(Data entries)
..............................

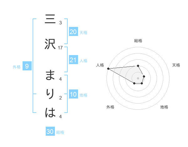 三沢 まりはさんを姓名の画数から五運を鑑定
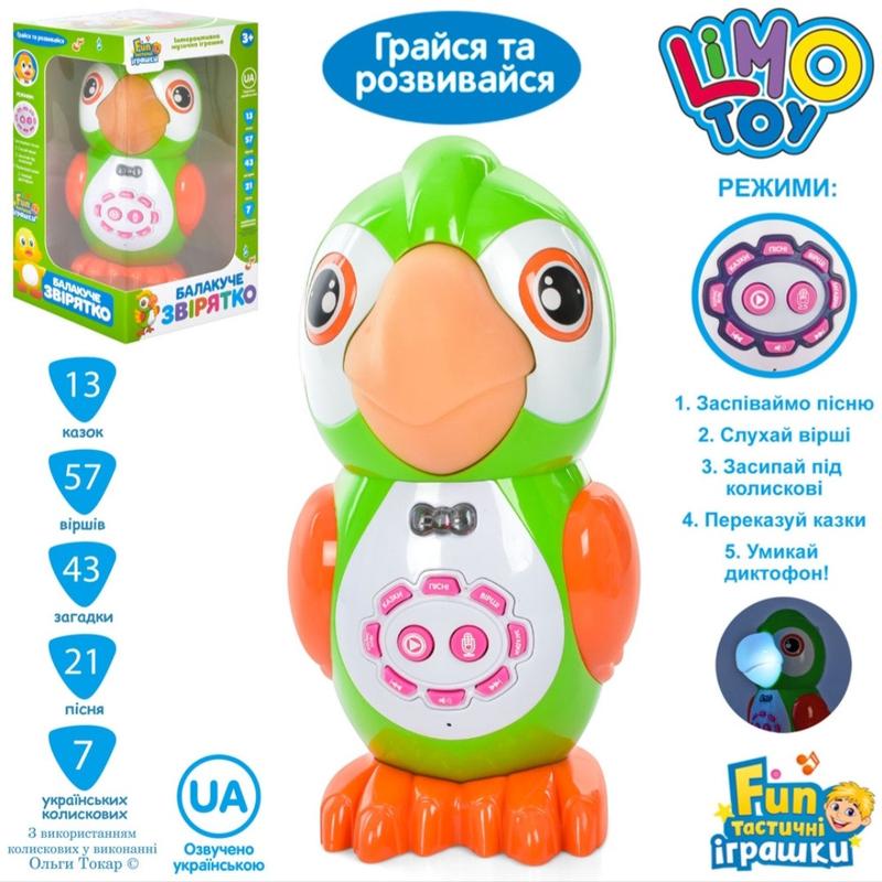 Інтерактивна іграшка Аудіо-казки Папуга – це яскрава та захоплююча іграшка для дітей, яка відтворює аудіо-казки. Папуга може розповідати різні історії, привертаючи увагу дитини та розвиваючи її уяву. Іграшка виконана у вигляді барвисті папуги з приємним голосом і простим управлінням, що робить її ідеальною для малюків. Характеристика Тип живлення: батарейки Матеріал: пластик Кількість казок: 13 Кількість віршів: 57 Кількість загадок: 43 Кількість пісень: 21 Кількість колискових пісень: 7 Мова казок: українська Світлові ефекти Музичні ефекти
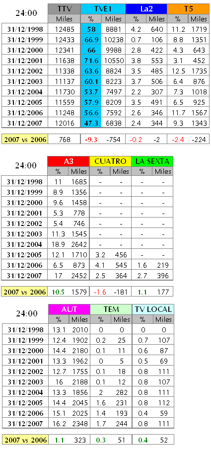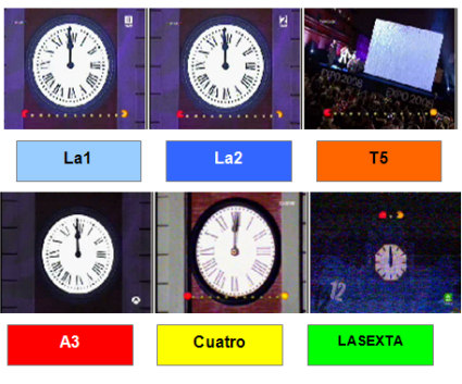 Con el 47,3% del total de la audiencia y 6,838,000 de espectadores, las campanas de La1 fueron las más vistas por los españoles el pasado 31 de diciembre de 2007.
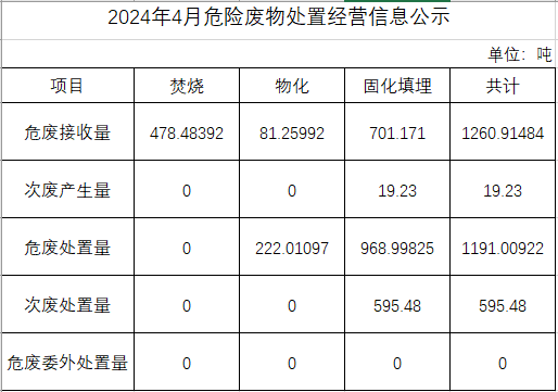 4月危險廢物處置經(jīng)營信息公示
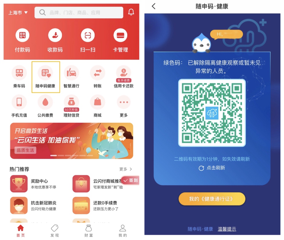 中国银联与上海相关部门积极联动,推动云闪付APP和上海健康云合作,3月5日下午,云闪付APP内上线上海“随申码•健康”和入沪人员健康登记服务。“随申码•健康”是以上海市民、返工返岗人员及待入沪人员自行申报数据为基础,结合防疫信息比对校验后生成的个人专属二维码。用户在云闪付APP首页进入“随申码•健康”服务,绑定个人信息,生成二维码,即可作为个人健康信息的电子通行证;只需填报一次,便可全市通用。
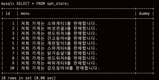 mysql에는 store라는 테이블이 존재하며, 스핑크스를 통해 인덱싱을 시킬 예정입니다.
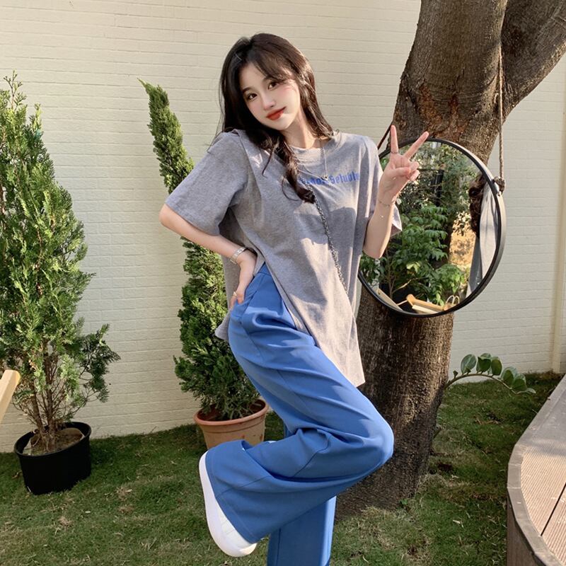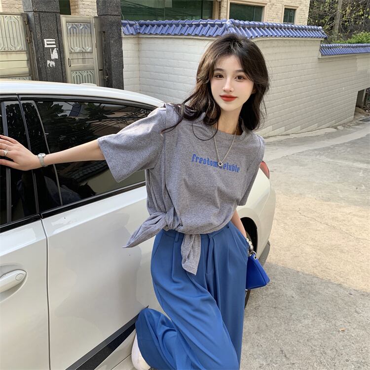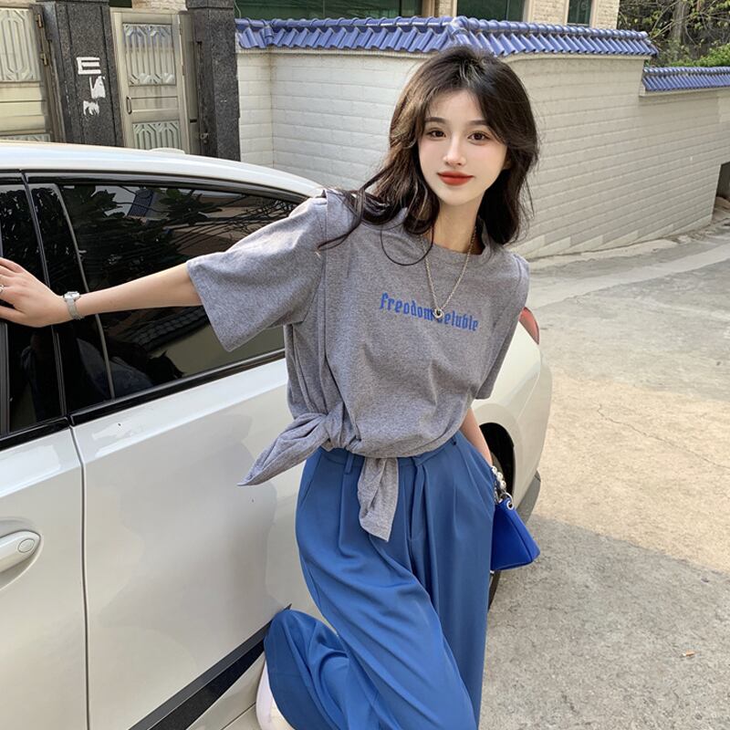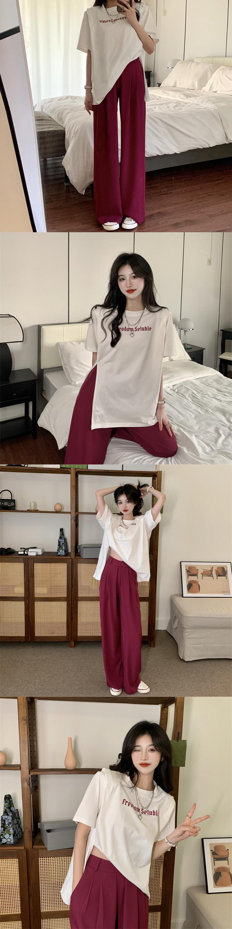 ホワイトスリットTシャツ夏服ルーズ レッド 夏物 SYJ60605027442

..............................

Render the records above word for word and leave the pictures out.

● **OUTPUT FOR THIS TASK**:
 三沢 まりはさんを姓名の画数から五運を鑑定
 Інтерактивна іграшка Аудіо-казки Папуга – це яскрава та захоплююча іграшка для дітей, яка відтворює аудіо-казки. Папуга може розповідати різні історії, привертаючи увагу дитини та розвиваючи її уяву. Іграшка виконана у вигляді барвисті папуги з приємним голосом і простим управлінням, що робить її ідеальною для малюків. Характеристика Тип живлення: батарейки Матеріал: пластик Кількість казок: 13 Кількість віршів: 57 Кількість загадок: 43 Кількість пісень: 21 Кількість колискових пісень: 7 Мова казок: українська Світлові ефекти Музичні ефекти
 Con el 47,3% del total de la audiencia y 6,838,000 de espectadores, las campanas de La1 fueron las más vistas por los españoles el pasado 31 de diciembre de 2007.
 4月危險廢物處置經(jīng)營信息公示
 中国银联与上海相关部门积极联动,推动云闪付APP和上海健康云合作,3月5日下午,云闪付APP内上线上海“随申码•健康”和入沪人员健康登记服务。“随申码•健康”是以上海市民、返工返岗人员及待入沪人员自行申报数据为基础,结合防疫信息比对校验后生成的个人专属二维码。用户在云闪付APP首页进入“随申码•健康”服务,绑定个人信息,生成二维码,即可作为个人健康信息的电子通行证;只需填报一次,便可全市通用。
 mysql에는 store라는 테이블이 존재하며, 스핑크스를 통해 인덱싱을 시킬 예정입니다.
 ホワイトスリットTシャツ夏服ルーズ レッド 夏物 SYJ60605027442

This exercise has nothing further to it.